Another important element to consider in discussing disease elimination scenarios is the WHO-sponsored ring vaccination trial of the rVSV vaccine in Guinea. The interim data analysis shows an impressive 100 % vaccine efficacy . Numerical simulations show that it is reasonable to assume that the vaccination trial itself may have had a considerable impact on the disease control effort. These simulations show that the vaccination program provides the largest benefit in regions with low, deteriorating or fluctuating CT, thereby considerably accelerating disease elimination. Consistent with other modeling studies [27–29], we found that the major benefit of ring vaccination is observed at low levels of CT (5–10 individuals per case). Finally, vaccination gives direct protection to vaccinees, which is important for controlling epidemics on a local level as well as protecting those providing front line care.

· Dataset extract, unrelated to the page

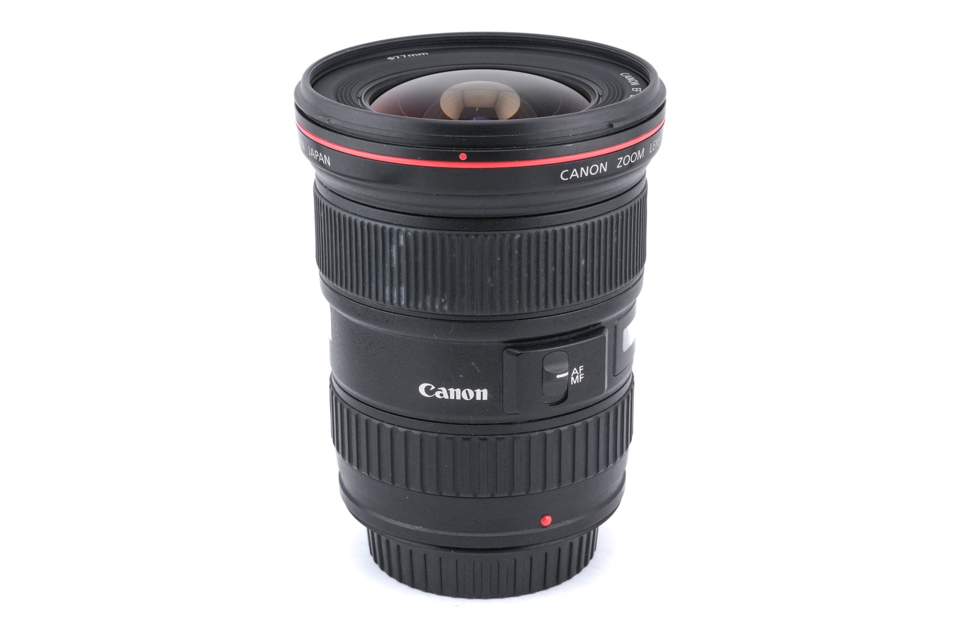 Autofocus wide-angle zoom lens made for EF mount SLRs by Canon starting in 2001. It is part of their L series of professional lenses and has a weather-sealing gasket. It also uses an ultrasonic motor (USM) for autofocus. Metal and plastic body available in black.

Most of the assumptions and limitations of the model have already been discussed by Merler et al. . It is worth mentioning however that, similar to the model for Liberia, we assume that Ebola cases in Guinea are unlikely to travel long distances when they have active symptoms, unless they are seeking hospital care or help from relatives and friends. This assumption has been validated for Liberia and appears to adequately reproduce the geographical incidence in Guinea. However, we cannot exclude the possibility that local population mobility could drive EVD dynamics, especially during the elimination stage where the epidemic can be dominated by rare fluctuations. Another feature that we have not considered in the model is the effect of asymptomatic infection and acquired immunity . While the early stage of the epidemic is probably not overly affected by asymptomatic infections, acquired immunity may play a role in speeding up the elimination of the disease. Notwithstanding the mentioned limitations, the model is able to adequately describe the dynamics of the epidemic in Guinea, provide estimates of transmission by setting in agreement with reported data , and capture the highly heterogeneous pattern of transmission reported in previous studies [6, 7]. These findings support our choice of using an individual-based modeling approach, capturing the observed high heterogeneity in the number of secondary infections and the clustering effect due to the low number of effective contacts in the different settings.